Return each record unchanged and drop the images.

•••

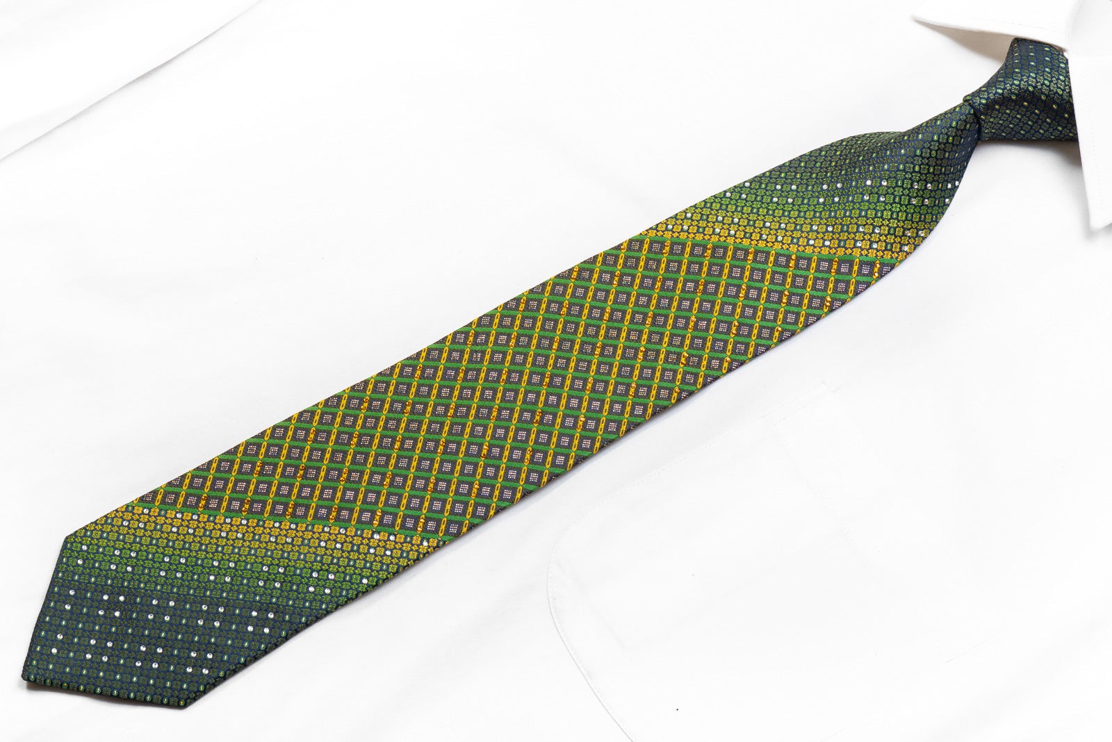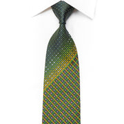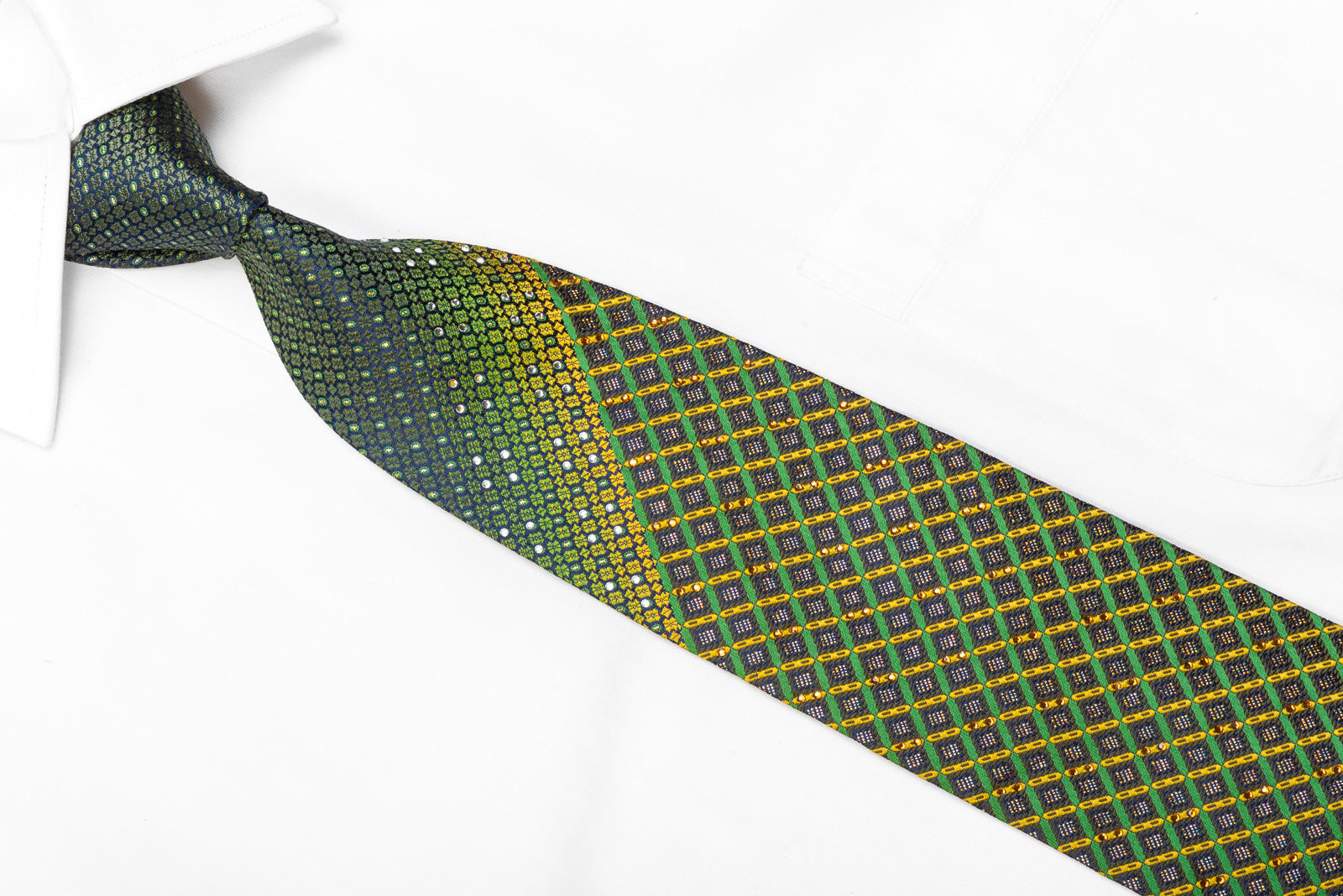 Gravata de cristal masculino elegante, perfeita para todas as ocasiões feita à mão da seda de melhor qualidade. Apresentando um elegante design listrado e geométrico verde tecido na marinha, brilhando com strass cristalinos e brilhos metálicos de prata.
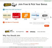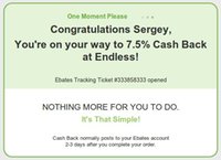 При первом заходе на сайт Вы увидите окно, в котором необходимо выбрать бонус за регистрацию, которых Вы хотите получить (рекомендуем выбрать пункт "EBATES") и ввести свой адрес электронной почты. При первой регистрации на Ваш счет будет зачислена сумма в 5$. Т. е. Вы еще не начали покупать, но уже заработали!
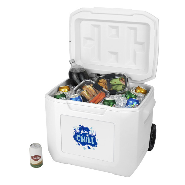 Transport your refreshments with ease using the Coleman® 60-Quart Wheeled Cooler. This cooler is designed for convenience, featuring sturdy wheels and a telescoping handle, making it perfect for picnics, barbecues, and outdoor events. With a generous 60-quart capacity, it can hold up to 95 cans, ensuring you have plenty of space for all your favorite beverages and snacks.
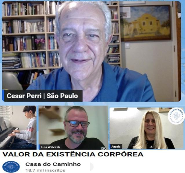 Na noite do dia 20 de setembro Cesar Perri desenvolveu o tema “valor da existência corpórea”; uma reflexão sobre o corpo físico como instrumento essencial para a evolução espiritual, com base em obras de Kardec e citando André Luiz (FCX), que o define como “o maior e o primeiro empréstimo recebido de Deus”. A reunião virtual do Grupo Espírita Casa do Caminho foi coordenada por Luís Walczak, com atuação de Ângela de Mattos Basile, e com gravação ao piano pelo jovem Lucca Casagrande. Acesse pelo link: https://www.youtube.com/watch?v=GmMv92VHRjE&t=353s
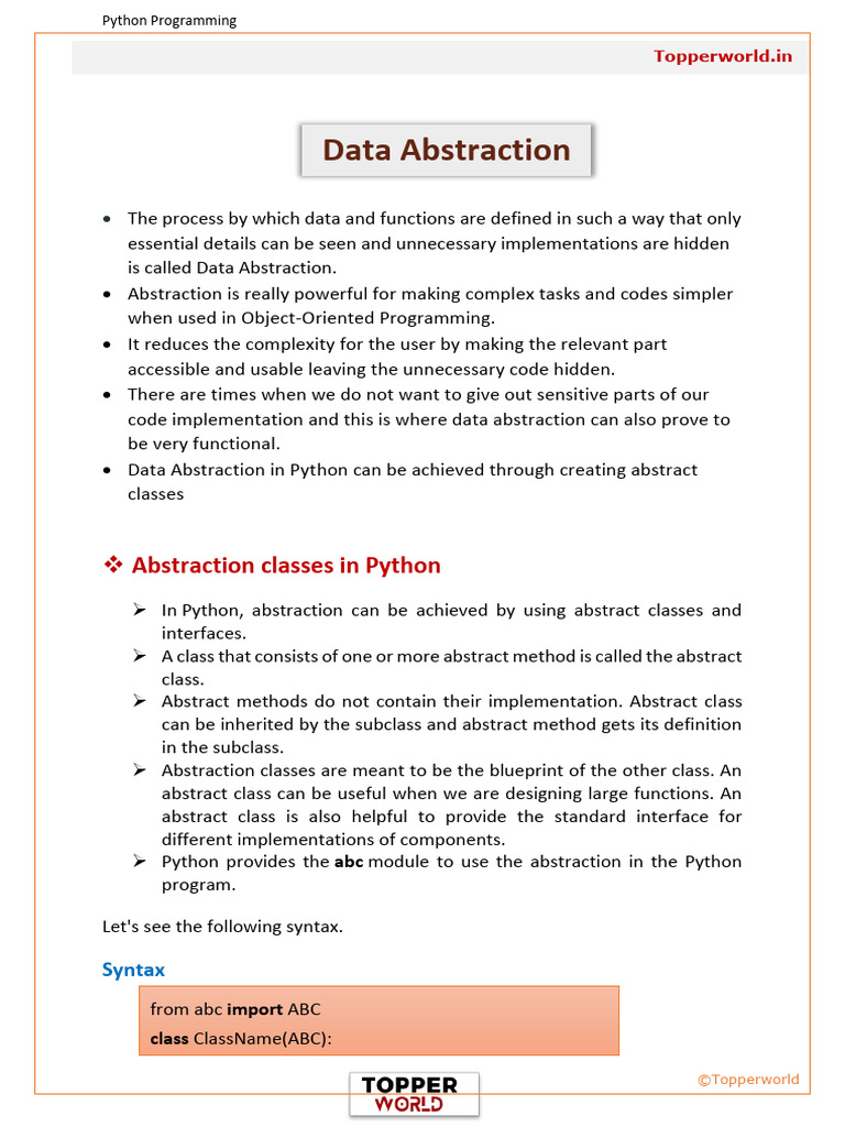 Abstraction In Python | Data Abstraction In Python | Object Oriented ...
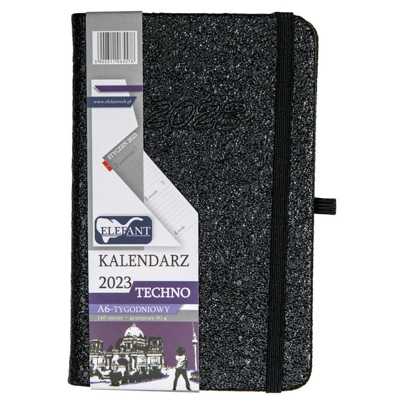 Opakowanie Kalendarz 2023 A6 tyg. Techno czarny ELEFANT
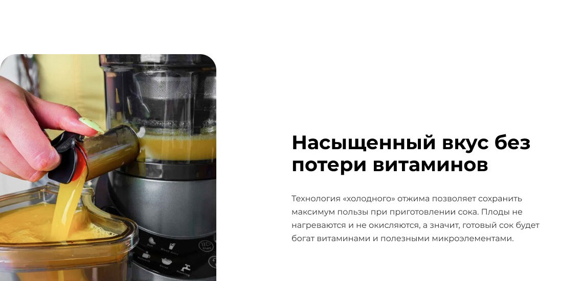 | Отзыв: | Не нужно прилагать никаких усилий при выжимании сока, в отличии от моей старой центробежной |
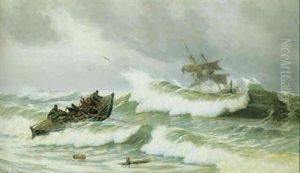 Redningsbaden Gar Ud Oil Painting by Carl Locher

•••

[TASK RESPONSE]
 Gravata de cristal masculino elegante, perfeita para todas as ocasiões feita à mão da seda de melhor qualidade. Apresentando um elegante design listrado e geométrico verde tecido na marinha, brilhando com strass cristalinos e brilhos metálicos de prata.
 При первом заходе на сайт Вы увидите окно, в котором необходимо выбрать бонус за регистрацию, которых Вы хотите получить (рекомендуем выбрать пункт "EBATES") и ввести свой адрес электронной почты. При первой регистрации на Ваш счет будет зачислена сумма в 5$. Т. е. Вы еще не начали покупать, но уже заработали!
 Transport your refreshments with ease using the Coleman® 60-Quart Wheeled Cooler. This cooler is designed for convenience, featuring sturdy wheels and a telescoping handle, making it perfect for picnics, barbecues, and outdoor events. With a generous 60-quart capacity, it can hold up to 95 cans, ensuring you have plenty of space for all your favorite beverages and snacks.
 Na noite do dia 20 de setembro Cesar Perri desenvolveu o tema “valor da existência corpórea”; uma reflexão sobre o corpo físico como instrumento essencial para a evolução espiritual, com base em obras de Kardec e citando André Luiz (FCX), que o define como “o maior e o primeiro empréstimo recebido de Deus”. A reunião virtual do Grupo Espírita Casa do Caminho foi coordenada por Luís Walczak, com atuação de Ângela de Mattos Basile, e com gravação ao piano pelo jovem Lucca Casagrande. Acesse pelo link: https://www.youtube.com/watch?v=GmMv92VHRjE&t=353s
 Abstraction In Python | Data Abstraction In Python | Object Oriented ...
 Opakowanie Kalendarz 2023 A6 tyg. Techno czarny ELEFANT
 | Отзыв: | Не нужно прилагать никаких усилий при выжимании сока, в отличии от моей старой центробежной |
 Redningsbaden Gar Ud Oil Painting by Carl Locher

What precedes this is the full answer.